▶ AIM OF THE TASK
Print the lines from the one containing "Hemostatik Mekanizma Hemostaz" through the end of the material below, both included, exactly as they appear and without pictures.

▶ COLLECTED MATERIAL
——————————

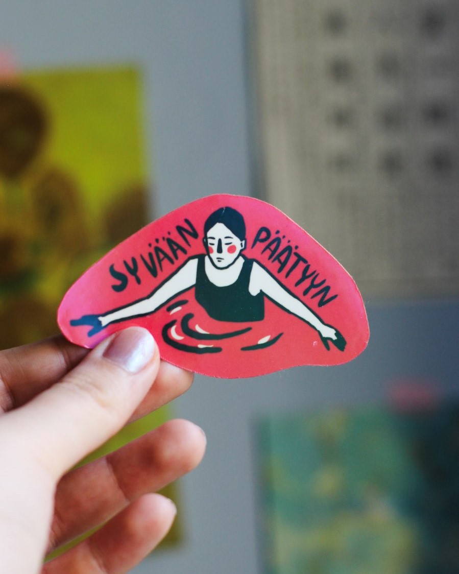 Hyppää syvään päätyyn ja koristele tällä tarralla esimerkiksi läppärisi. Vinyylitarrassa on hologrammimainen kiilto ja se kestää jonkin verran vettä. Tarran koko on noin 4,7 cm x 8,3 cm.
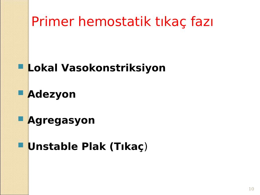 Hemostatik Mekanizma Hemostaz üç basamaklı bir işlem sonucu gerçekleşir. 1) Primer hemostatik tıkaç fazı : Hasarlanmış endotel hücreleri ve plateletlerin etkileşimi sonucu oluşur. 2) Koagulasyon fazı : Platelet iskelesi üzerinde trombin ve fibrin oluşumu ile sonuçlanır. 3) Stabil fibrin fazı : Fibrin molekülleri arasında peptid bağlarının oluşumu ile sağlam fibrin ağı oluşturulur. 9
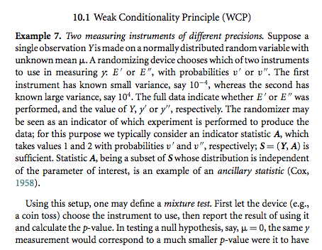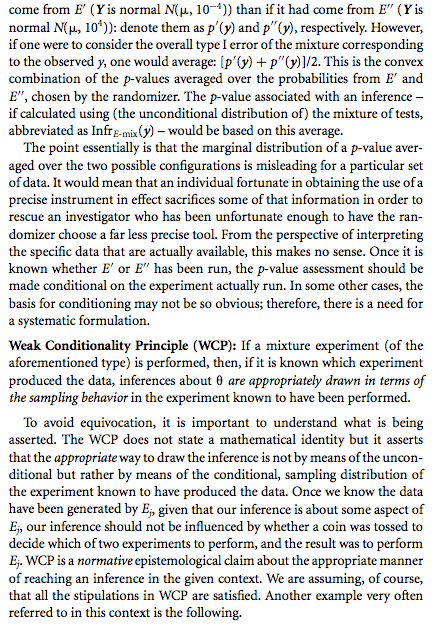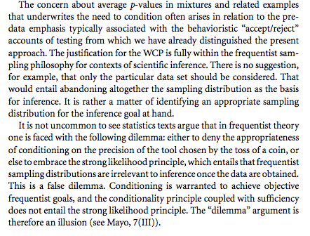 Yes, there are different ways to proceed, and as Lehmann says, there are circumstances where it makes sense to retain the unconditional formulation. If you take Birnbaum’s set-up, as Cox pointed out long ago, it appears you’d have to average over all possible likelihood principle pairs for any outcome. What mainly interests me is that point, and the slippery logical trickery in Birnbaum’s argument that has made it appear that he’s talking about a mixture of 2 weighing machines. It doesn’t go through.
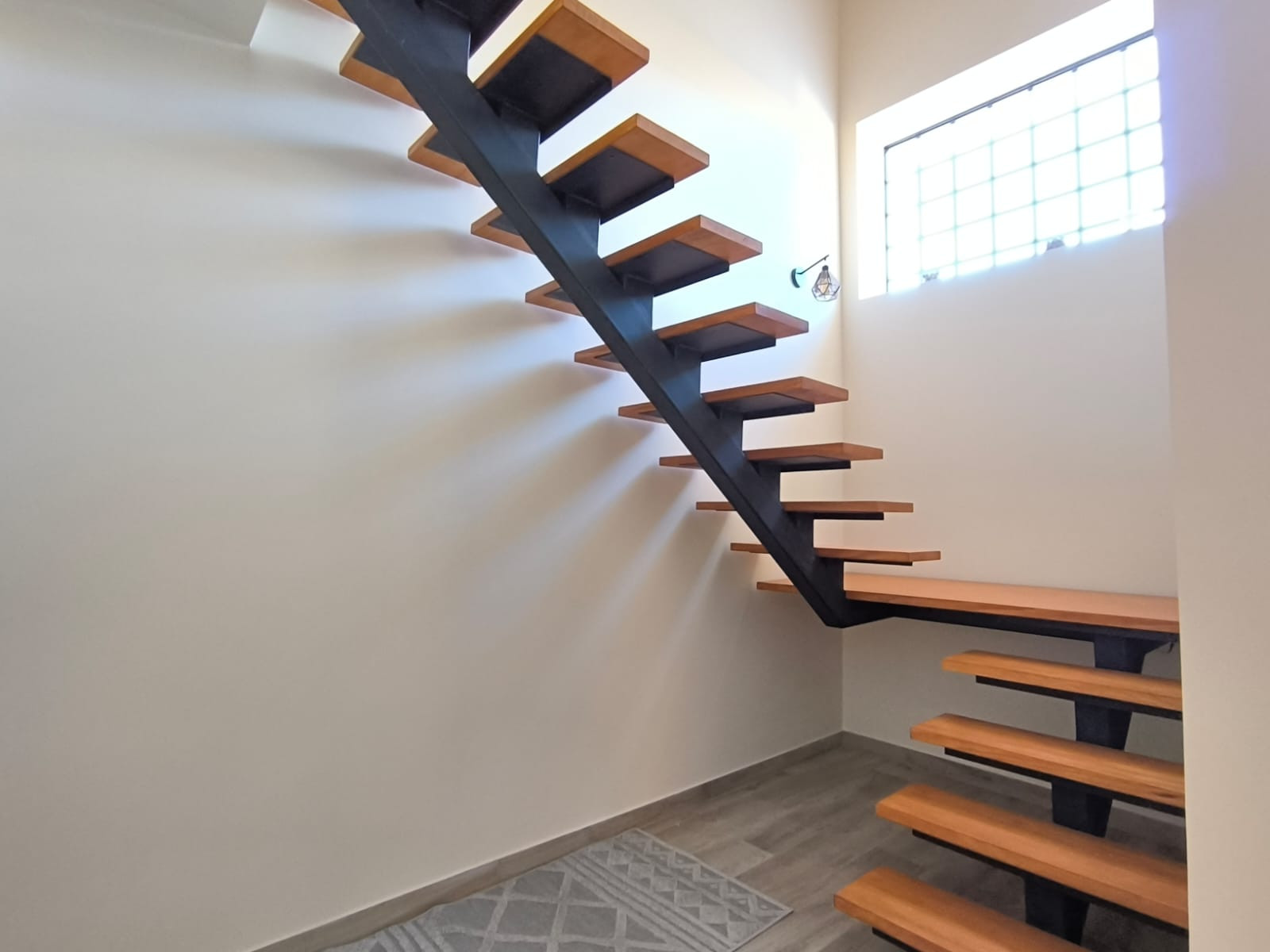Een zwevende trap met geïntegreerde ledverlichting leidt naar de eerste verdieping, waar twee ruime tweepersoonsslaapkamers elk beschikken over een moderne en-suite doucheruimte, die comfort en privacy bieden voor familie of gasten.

——————————

▶ WRITTEN RESPONSE
 Hemostatik Mekanizma Hemostaz üç basamaklı bir işlem sonucu gerçekleşir. 1) Primer hemostatik tıkaç fazı : Hasarlanmış endotel hücreleri ve plateletlerin etkileşimi sonucu oluşur. 2) Koagulasyon fazı : Platelet iskelesi üzerinde trombin ve fibrin oluşumu ile sonuçlanır. 3) Stabil fibrin fazı : Fibrin molekülleri arasında peptid bağlarının oluşumu ile sağlam fibrin ağı oluşturulur. 9
 Yes, there are different ways to proceed, and as Lehmann says, there are circumstances where it makes sense to retain the unconditional formulation. If you take Birnbaum’s set-up, as Cox pointed out long ago, it appears you’d have to average over all possible likelihood principle pairs for any outcome. What mainly interests me is that point, and the slippery logical trickery in Birnbaum’s argument that has made it appear that he’s talking about a mixture of 2 weighing machines. It doesn’t go through.
Een zwevende trap met geïntegreerde ledverlichting leidt naar de eerste verdieping, waar twee ruime tweepersoonsslaapkamers elk beschikken over een moderne en-suite doucheruimte, die comfort en privacy bieden voor familie of gasten.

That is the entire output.